Loin de tout ceux la quelques groupes des origines comme assassins ou NTM veulent nous donner une touche d 'espoir, font des textes à destination directe des habitants des cités ( "laisse pas traîner ton fils/ Si tu veux pas qu 'il glisse/ Qu 'il te ramène du vice")conscient qu 'il ne sert plus à rien de vouloir s 'adresser à l 'état ou aux media pour resoudre leurs problemes, ces groupes passent sur MCM et MTV la nuit, sur les radios, mélangés au groupes crées mediatiquement.
Mais eux gagnent beaucoup plus que de l 'argent, ils gagnent le respect de ceux qui les suivent depuis des années et constatent qu 'ils ne se sont pas fourvoyé chez Arthur, Boyer and Co

Pendant ce temps on a envoyé des habitants des cités nettoyer les plages polluées de bretagne dans des abjectes sorties "citoyennes" d 'interet général, la discrimination faciale continue à l 'entrée des boites et dans la vie active, les journées à glander dans la cité continuent, comme les agressions, le trafic de drogue toujours plus réprimées, les reportages catastrophistes sur les maux des cites....

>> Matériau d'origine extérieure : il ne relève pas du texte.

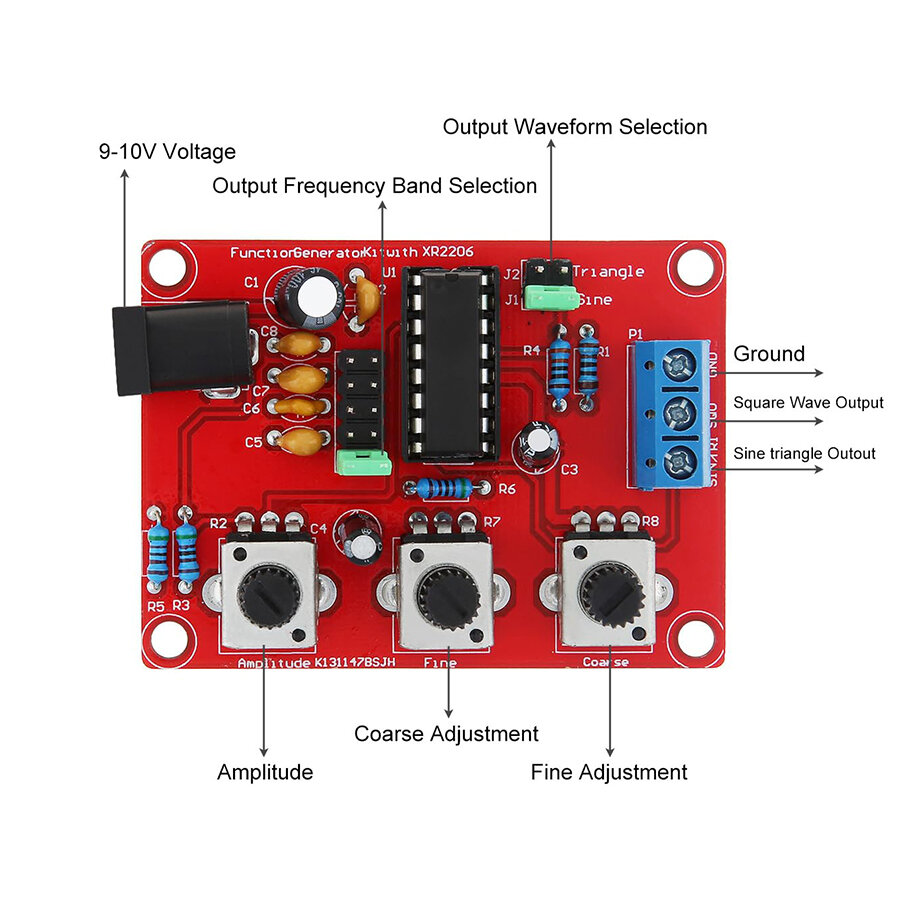 The XR2206 1Hz-1MHz Signal Generator Module generates sine, triangle, and square wave signals. It can generate adjustable signals in the 1Hz-1MHz frequency range. The signal amplitude is adjustable.

Le rap français portait sans doute trop d 'espoir en lui, trop de rage, vouloir le canaliser l 'a détruit au lieu de le rendre intelligible.
La prise de conscience à eu lieu en partie mais la France black-blanc-beur a effacé des mémoires la France laborieuse des cites.

En 1991 NTM écrivait:
" Le rap n 'est pas un kit/ Que l 'on monte à l 'envers/ Récupérer l 'affaire/Pas si facile à faire/ Et prendre le train en marche/ N 'est pas une mince affaire/ Authentik voila une vertu bien rare/Pour être attribuée à tort et à travers/ Trop vite adjugée à des gens/ Qui ne sont que des blairs"



Cette phrase est plus que jamais d 'actualité, mais qui s 'en soucie aujourd'hui?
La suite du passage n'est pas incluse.